▶ **Assignment**
Any pictures in the records below should be skipped; write out everything else exactly.

▶ **The records**
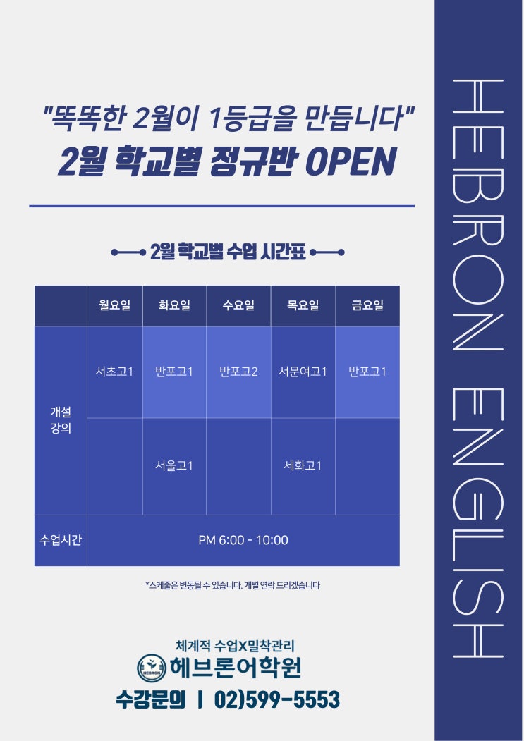 [헤브론어학원]▣고등부 설명회 링크 ▶서울고 https://youtu.be/PpizregEerA ▶서초고 https://youtu.be/K3sk4rI3QKA ▶서문여고 https://youtu.be/5DRq_xrzueg ▶반포고 https://www.youtube.com/watch?v=WTFzh8tN5sQ ▣ 고등학교별 내신개강: 2월 2일 (주1회) ▶서초, 세화, 서울, 서문여고, 반포(1,2학년)◀ ▣ 고등학교 입학 전 마지막 골든타임 ▶7주문법완성 개강: 2월7일 (주1회, 매주 토요일) 신청 및 문의: 헤브론어학원 02-599-5553 감사합니다. <img src="https://blogthumb.pstatic.net/MjAyNjAxMzFfMTY1/MDAxNzY5ODU4NTc0OTE0.GE4cZIFoG4jp8iHCL_iF9ps62GFnvN9HW32c0w2Nvawg.HlhpYPtD0X7siO6HMCeKv4Hpnr6MpW_vSmCUWBQZpNQg.JPEG/26%B3%E2%B0%ED%B5%EE%B3%BB%BD%C5%BD%C3%B0%A3%C7%A5.jpg?type=s3" />
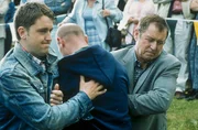 Trau, schau, wem!Sergeant Troy (Daniel Casey, l.) und Inspector Barnaby (John Nettles, r.) können den psychisch kranken Dean Hunniset (Paul Brennan, M.) nur mit Gewalt von einem Übergriff auf einen Besucher der Veranstaltung abhalten.Bild: © ZDF und All3Media
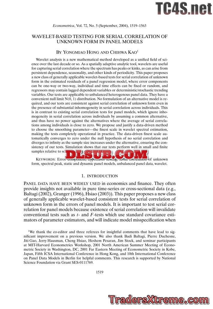 Wavelet Based Testing For Serial Correlation Of Unknown Form In Panel Models - JPG Image File
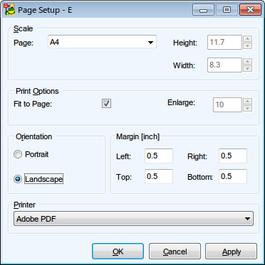 • To set size of the pages, select File | Page Setup. To customize the page size, see the Page Setup dialog | Scale area | and from the Page box, select Custom. Define Height and Width on the right.
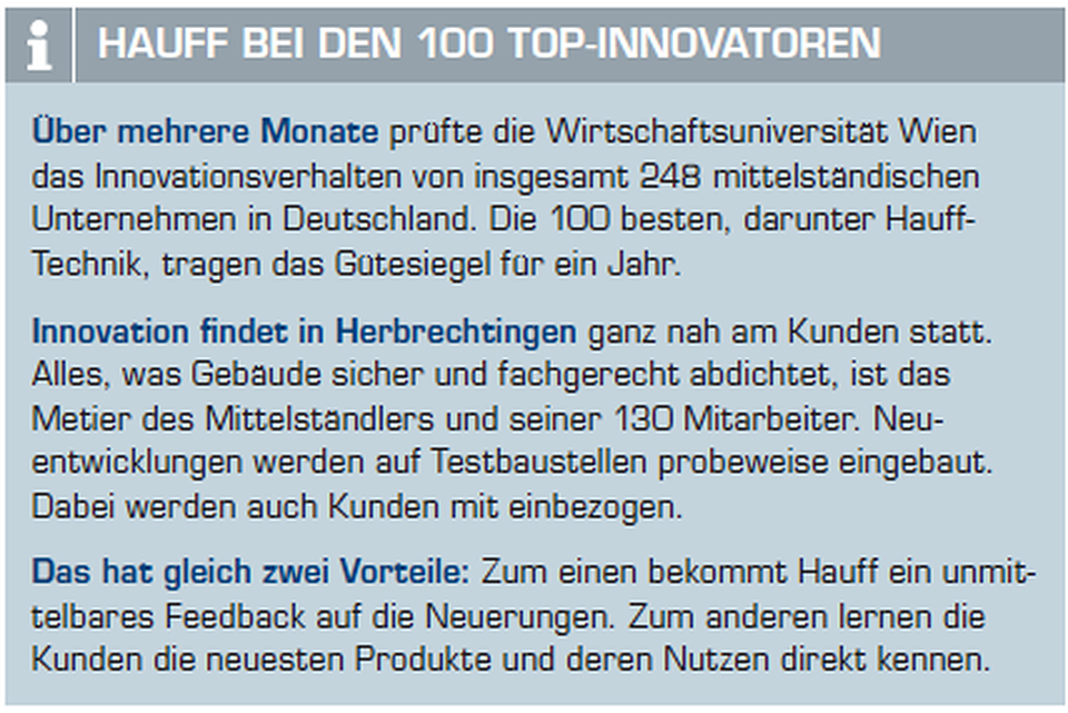 NBR weist zusätzlich eine hohe Widerstandsfähigkeit gegen Öle, Fette und alle handelsüblichen Kraftstoffe auf oder ist auf Wunsch sogar trinkwassergeeignet mit KTW-Empfehlung. Bei Hauff sind die Kunden Innovationstreiber, die oft in frühen Phasen des Innovationsprozesses in Entwicklungsprojekte nach dem Modell der Open Innovation eingebunden werden. Um ihren Ansprüchen an eine einfache und anwenderfreundliche Dichtungstechnik gerecht zu werden, machen sich täglich Entwickler Gedanken über die Zukunft der Ringraumdichtung.
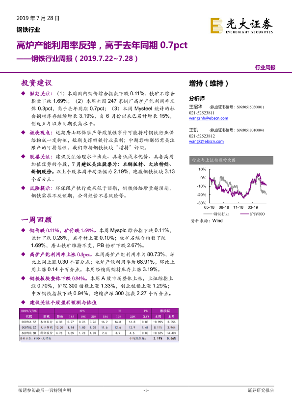 【光大证券】【20190728】20190728-光大证券-钢铁行业周报:高炉产能利用率反弹,高于去年同期0.7pct-9页
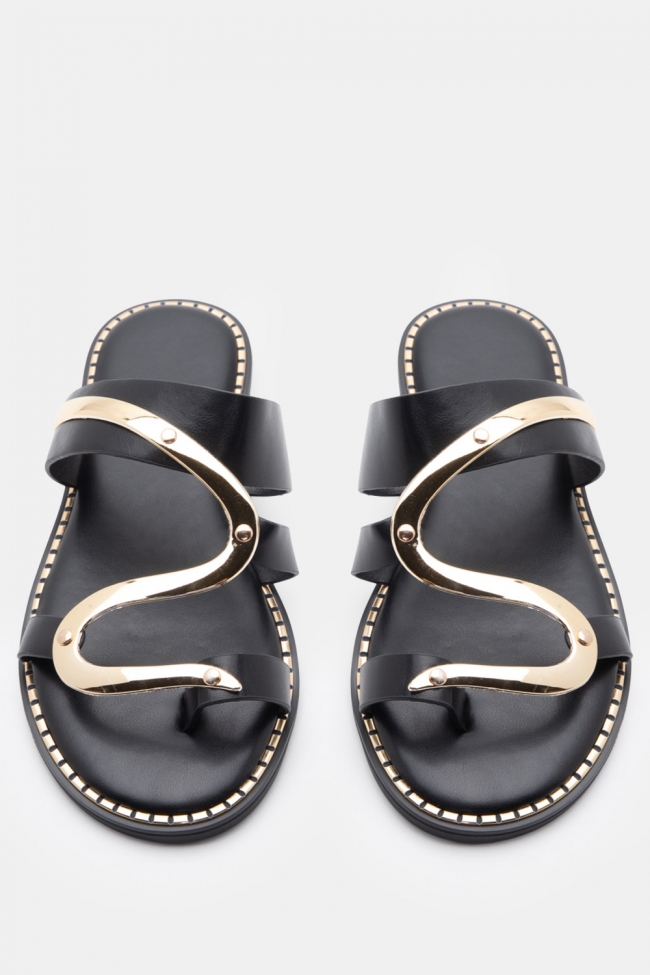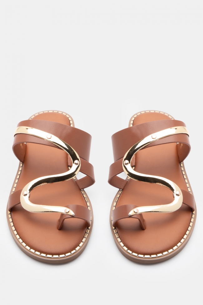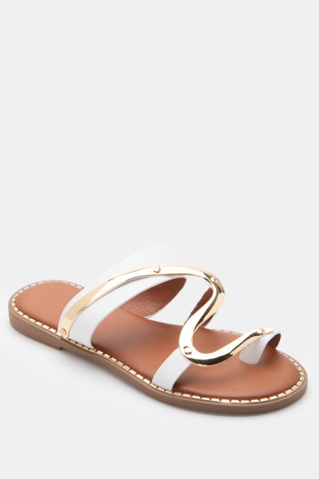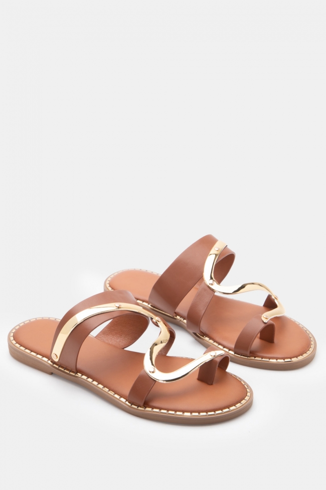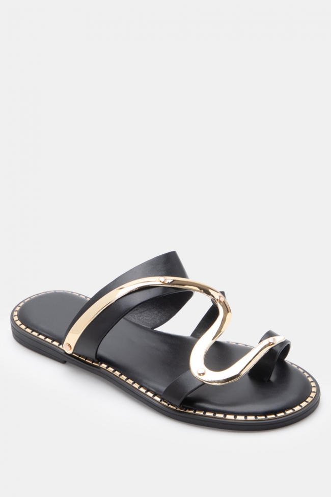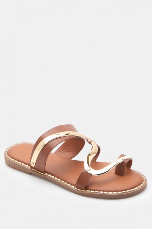 Flat Sandals with Metallic Detail
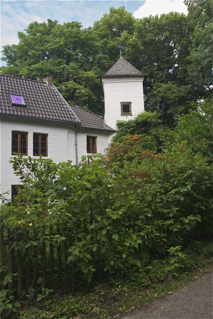 Bald verschwindet er wieder unter der Autobahn und als ich dort aus der Unterführung komme, stehe ich unvermittelt vor einem Mini-Schlösschen:
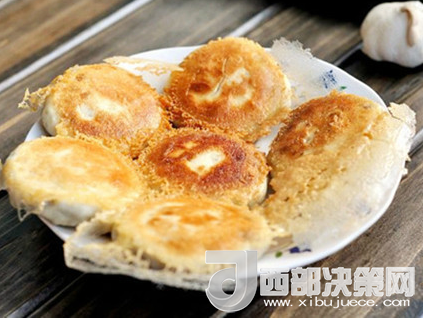 6、等包子熟了,面水快干的時(shí)候再轉(zhuǎn)圈倒入油,改小火。等面水完全成糊咯吱了即可出鍋(用一大尺寸的盤子蓋在包子上,用手按住盤子,反轉(zhuǎn)過鍋來即可)。

▶ **Exercise response**
 [헤브론어학원]▣고등부 설명회 링크 ▶서울고 https://youtu.be/PpizregEerA ▶서초고 https://youtu.be/K3sk4rI3QKA ▶서문여고 https://youtu.be/5DRq_xrzueg ▶반포고 https://www.youtube.com/watch?v=WTFzh8tN5sQ ▣ 고등학교별 내신개강: 2월 2일 (주1회) ▶서초, 세화, 서울, 서문여고, 반포(1,2학년)◀ ▣ 고등학교 입학 전 마지막 골든타임 ▶7주문법완성 개강: 2월7일 (주1회, 매주 토요일) 신청 및 문의: 헤브론어학원 02-599-5553 감사합니다. <img src="https://blogthumb.pstatic.net/MjAyNjAxMzFfMTY1/MDAxNzY5ODU4NTc0OTE0.GE4cZIFoG4jp8iHCL_iF9ps62GFnvN9HW32c0w2Nvawg.HlhpYPtD0X7siO6HMCeKv4Hpnr6MpW_vSmCUWBQZpNQg.JPEG/26%B3%E2%B0%ED%B5%EE%B3%BB%BD%C5%BD%C3%B0%A3%C7%A5.jpg?type=s3" />
 Trau, schau, wem!Sergeant Troy (Daniel Casey, l.) und Inspector Barnaby (John Nettles, r.) können den psychisch kranken Dean Hunniset (Paul Brennan, M.) nur mit Gewalt von einem Übergriff auf einen Besucher der Veranstaltung abhalten.Bild: © ZDF und All3Media
 Wavelet Based Testing For Serial Correlation Of Unknown Form In Panel Models - JPG Image File
 • To set size of the pages, select File | Page Setup. To customize the page size, see the Page Setup dialog | Scale area | and from the Page box, select Custom. Define Height and Width on the right.
 NBR weist zusätzlich eine hohe Widerstandsfähigkeit gegen Öle, Fette und alle handelsüblichen Kraftstoffe auf oder ist auf Wunsch sogar trinkwassergeeignet mit KTW-Empfehlung. Bei Hauff sind die Kunden Innovationstreiber, die oft in frühen Phasen des Innovationsprozesses in Entwicklungsprojekte nach dem Modell der Open Innovation eingebunden werden. Um ihren Ansprüchen an eine einfache und anwenderfreundliche Dichtungstechnik gerecht zu werden, machen sich täglich Entwickler Gedanken über die Zukunft der Ringraumdichtung.
 【光大证券】【20190728】20190728-光大证券-钢铁行业周报:高炉产能利用率反弹,高于去年同期0.7pct-9页
 Flat Sandals with Metallic Detail
 Bald verschwindet er wieder unter der Autobahn und als ich dort aus der Unterführung komme, stehe ich unvermittelt vor einem Mini-Schlösschen:
 6、等包子熟了,面水快干的時(shí)候再轉(zhuǎn)圈倒入油,改小火。等面水完全成糊咯吱了即可出鍋(用一大尺寸的盤子蓋在包子上,用手按住盤子,反轉(zhuǎn)過鍋來即可)。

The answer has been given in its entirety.